В годы после Гражданской войны, когда такие люди, как Джозеф Селигман, преуспевали и совершали подвиги, о которых писали газеты, среди людей менее успешных неизбежно возникала определенная зависть. А среди более влиятельных людей возникали страх и растущая решимость держать таких людей, как Джозеф Селигман, «на своем месте». Джозеф теперь сотрудничал с Джоном Пирпонтом Морганом, любопытным и сварливым сыном эмигранта из Новой Англии, который занялся частным банковским делом и вернулся в Нью-Йорк в благоприятный момент, как раз перед началом войны. Если Селигманы пострадали от своей связи с Джеем Гулдом и «золотым заговором», имевшим место несколькими годами ранее, то новые отношения с Морганом им не помогли.

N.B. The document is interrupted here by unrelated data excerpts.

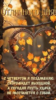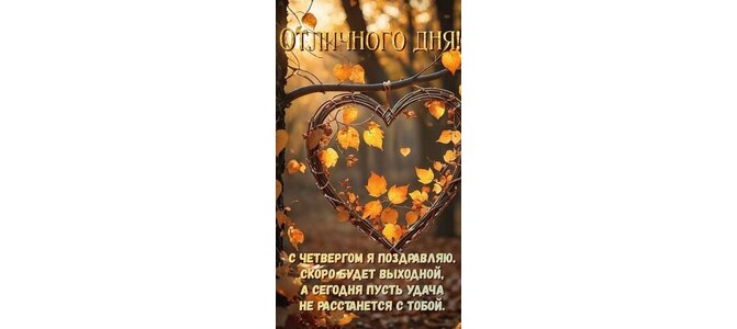 Открытка "Отличного дня!С четвергом я поздравляю. Скоро будет выходной, А сегодня пусть удача Не расстанется с"
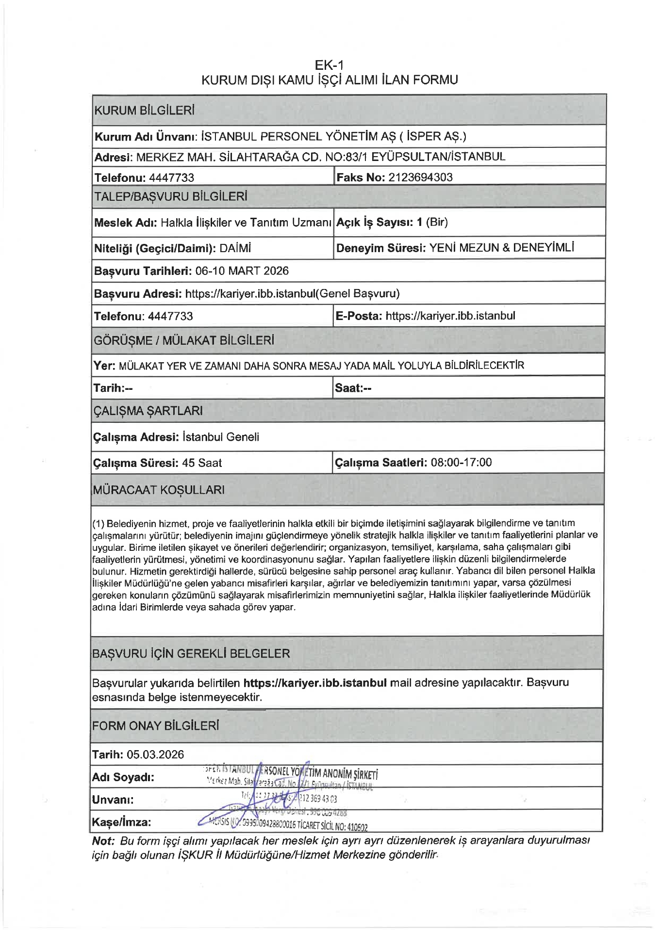 Ana sayfaDaimi İşçi İlanları İstanbul Personel Yönetim Aş. 1 İşçi Alacak İstanbul Personel Yönetim Aş. 1 İşçi Alacak. Son başvuru tarihi 10 Mart 2026 Kaynak : İşkur İlan Giriş : 05 Mart 2026 23:22, Son Güncelleme : 05 Mart 2026 23:15 Yazdır Yorumlar (0) Abone Ol
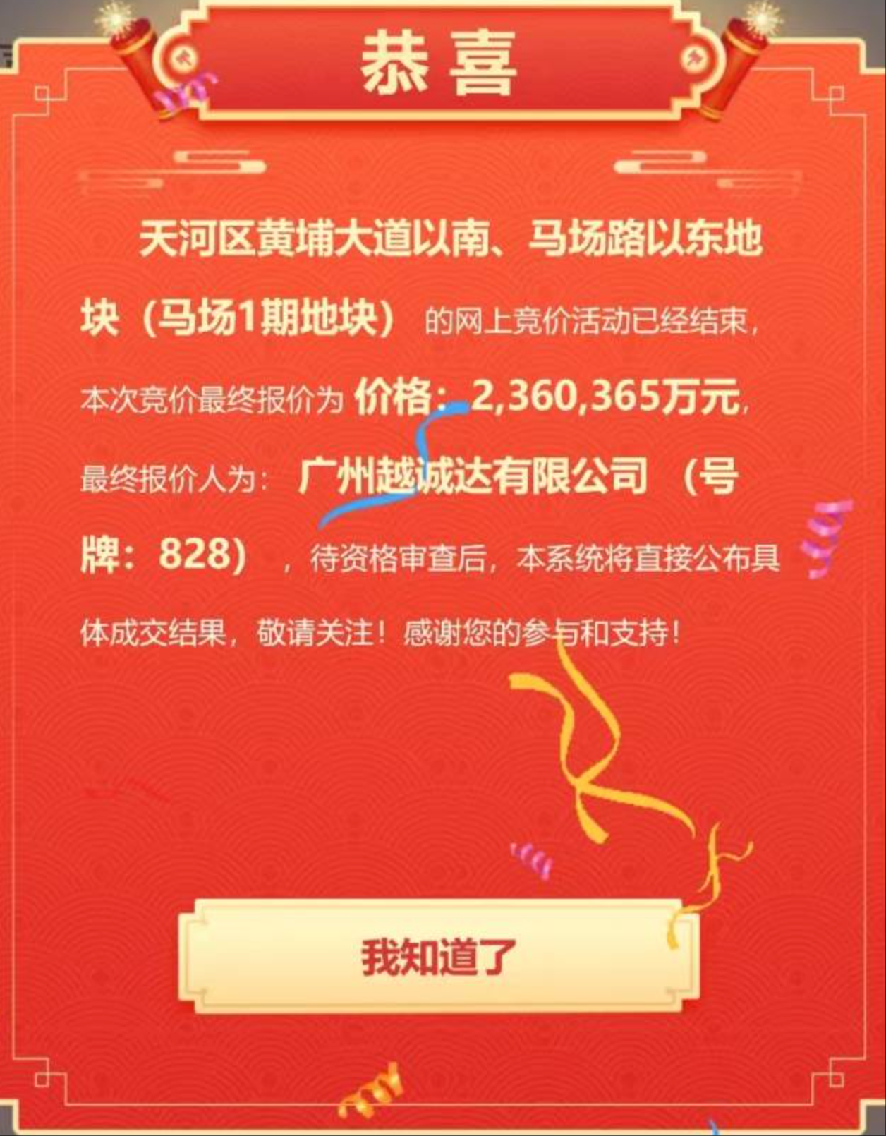 总价超236亿元、楼面价8.5万/平!越秀集团拿下广州马场地块
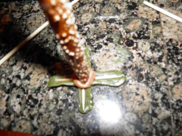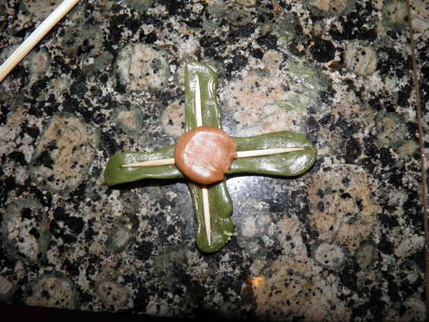 8. corte un trozo pequeño del tootsie roll y prensa en el centro de cada una de las cruces.
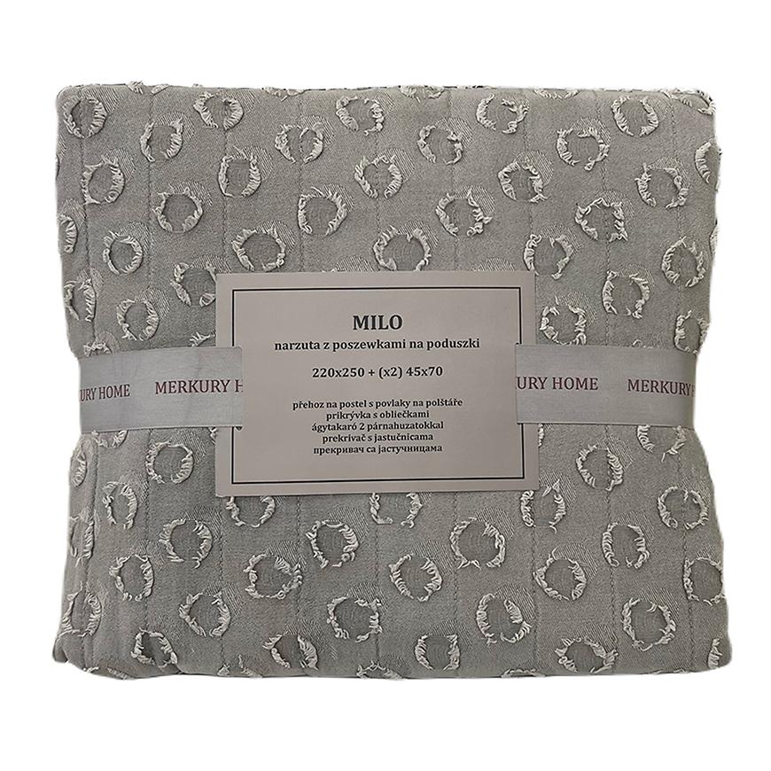 Gustowna i elegancka narzuta Milo idealnie będzie pasować jako dodatek do wykończenia wnętrza każdej sypialni zarówno w stylu nowoczesnym jak i klasycznym. Jest miła i przyjemna w dotyku, wprowadzi do wnętrza ład i harmonie. Ciekawe tłoczenia nadają niepowtarzalnego charakteru. W zestawie znajdują się również dwie poszewki o wymiarze 45x70 cm.
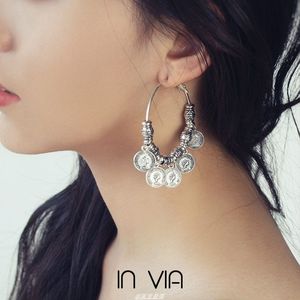 ボヘミアンエスニックスタイルタッセルイヤリング大きなフープ女性のシルバー針馬面スカートジュエリーレトロチベットイヤリング

На Уолл-стрит Моргана скорее боялись, чем обожали, да и его собственный послужной список честных сделок был не совсем чист. Кроме того, хотя Морган и не был антисемитом, он был настоящим снобом. К Джозефу Селигману с немецким акцентом он относился свысока и снисходительно и всегда настаивал на том, чтобы Джозеф приходил в его офис для обсуждения дел; к Джозефу он не ходил. Джозеф, тем временем, недолюбливал Моргана и был вынужден прокомментировать: «Morgan-J. П. Дрекселя, Морган — грубый, неотесанный парень, постоянно ссорится с Дрекселем в офисе».